New study examines Cuyahoga County primary

Another study was released this afternoon, also examining the recent primary in Cuyahoga County. This study was conducted by Election Science Institute, and is titled “DRE Analysis for May 2006 Primary, Cuyahoga County, Ohio.” This report, coming in at a at well over 200 pages, adds more detailed data and analysis to what is one of the most closely studied elections in recent history. Thad and I assisted in components of the analysis of this report, as did VTP colleagues Jonathan Katz and Rod Kiewiet.

Despite the title of the report, it actually examines the complete election administration practice in Cuyahoga’s recent primary, and issues a number of important findings (quoted directly from the executive summary):

After three months of exhaustive research, empirical evidence supports the key definitive finding: the machines’ four sources of vote totals – VVPAT individual ballots, VVPAT summary, election archive, and memory cards – did not agree with one another.

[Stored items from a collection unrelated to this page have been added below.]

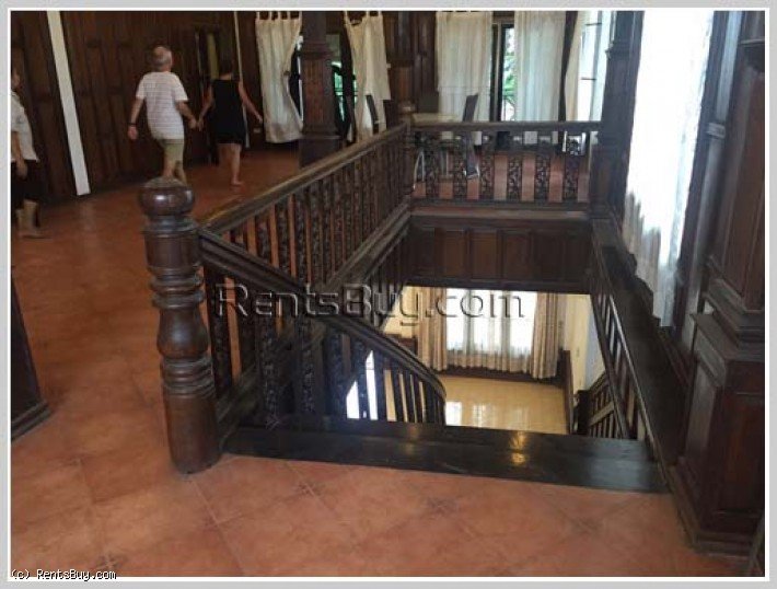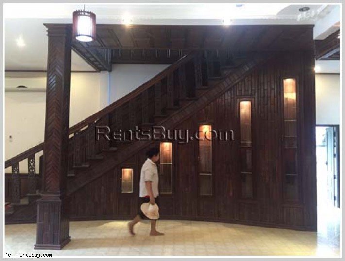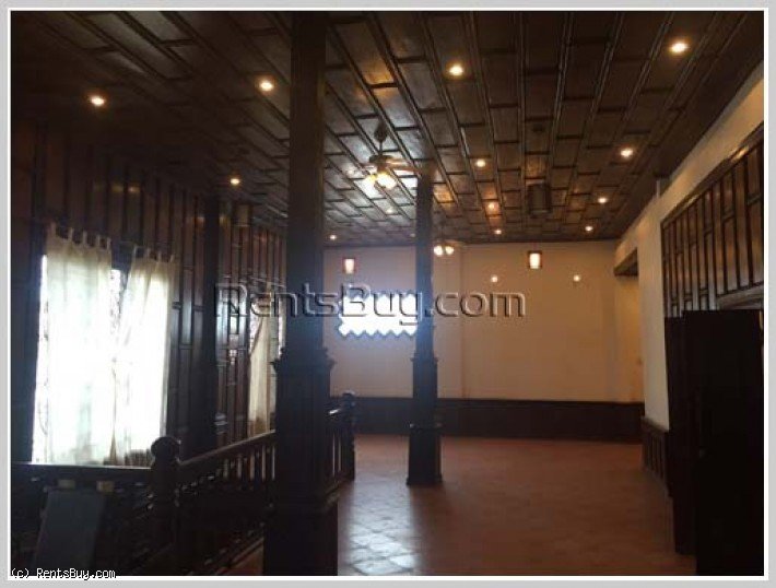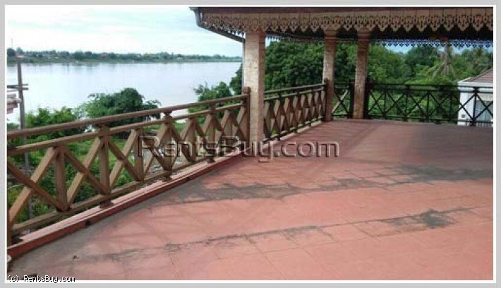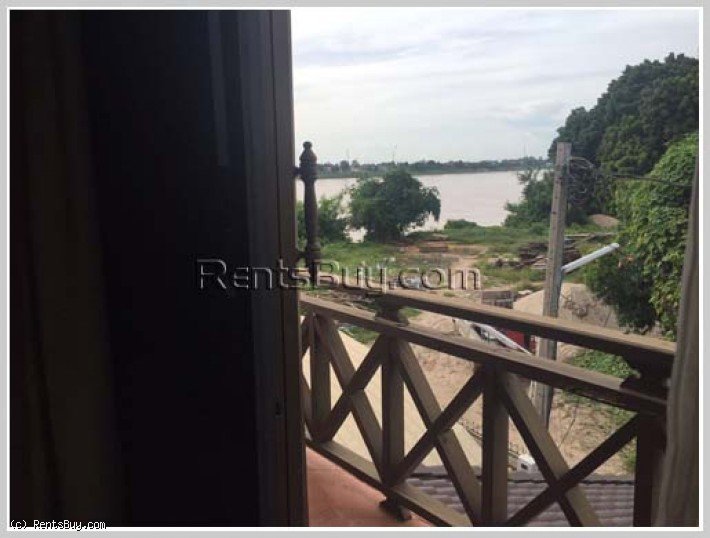 Lao wooden house with fully furnished by Mekong River for rent, it has 4 bedrooms 4bathrooms, located in expatriates living area who love house by Mekong with the panoramic view of mighty Mekong, about 8km to the city center.
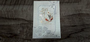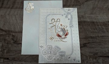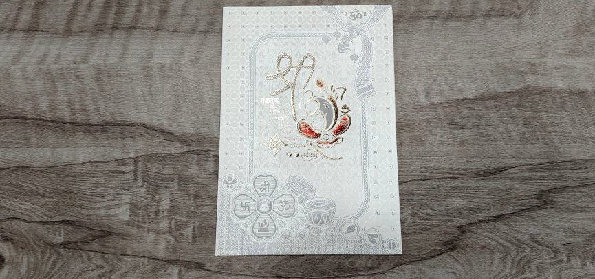 A rectangular, off-white card or invitation. A design in a light gold or metallic color is embossed or printed on it. The design includes a stylized, ornate frame enclosing a central image. The central image has stylized script or characters (likely a language other than English) and a number "63" within a flower or decorative motif. Small, ornate details, seeming to be flowers or other symbolic items, are arranged around the central design. The card has a background pattern of small, repeating shapes. A gold or metallic "Om" symbol is visible on the upper left corner of the card. The card is laid on a light gray wooden surface.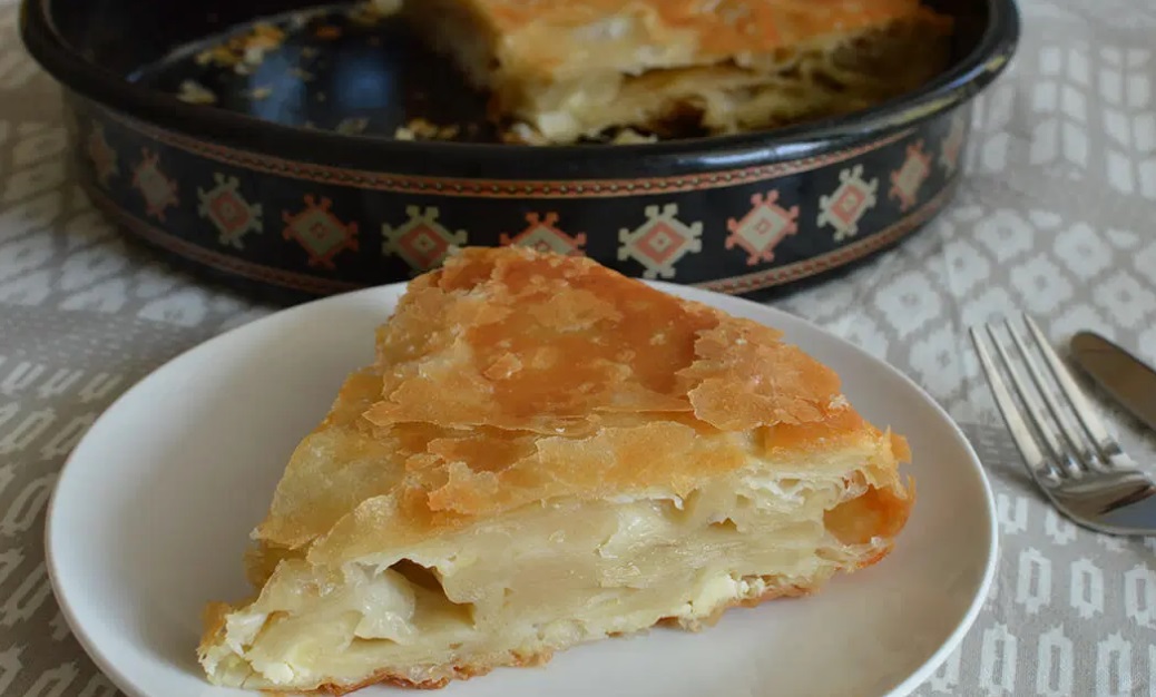 400 g sira (polovica feta sira, polovica skute) 15 ploskev listnatega testa skodelica grobo nasekljanega peteršilja 3 jajca 1/2 skodelice mleka 300 g masla sol

The vast majority of voters surveyed were pleased with their experience with the new system, liked touch screen voting and had confidence that their votes would be recorded correctly.

Improved training, both practical and procedural, is likely to minimize incidents experienced on Election Day.

Incident reports were widespread but concentrated, with 9% of precincts reporting 10 or more incidents. The most commonly reported incidents were voter registration issues (30.1%), election administration issues (22.6%), problems related to voting machines (16.2%) and issues involving booth workers (9.1%).

New strategies for voting machine allocation are needed to minimize voter wait time and distribute it equally across all locations.

VVPAT’s were missing, missing information and the tally of the individual ballots did not always match the VVPAT summary printed at the end of Election Day.

Discrepancies were found across vote counts stored on different mediums across the election system.

The current election system, if left unchanged, contains significant threats to inventory control of mission critical election assets, error-free vote tabulation, and tabulation transparency. One likely result is diminished public confidence in a close election.

As in the previous report that was done regarding this election, there is much worth detailed examination in both studies. Hopefully other election jurisdictions will undertake such detailed audits of their election administration practices in the future.

This report is picking up some attention in the press this evening; for example there is a summary story in the Washington Post as well as other media sources.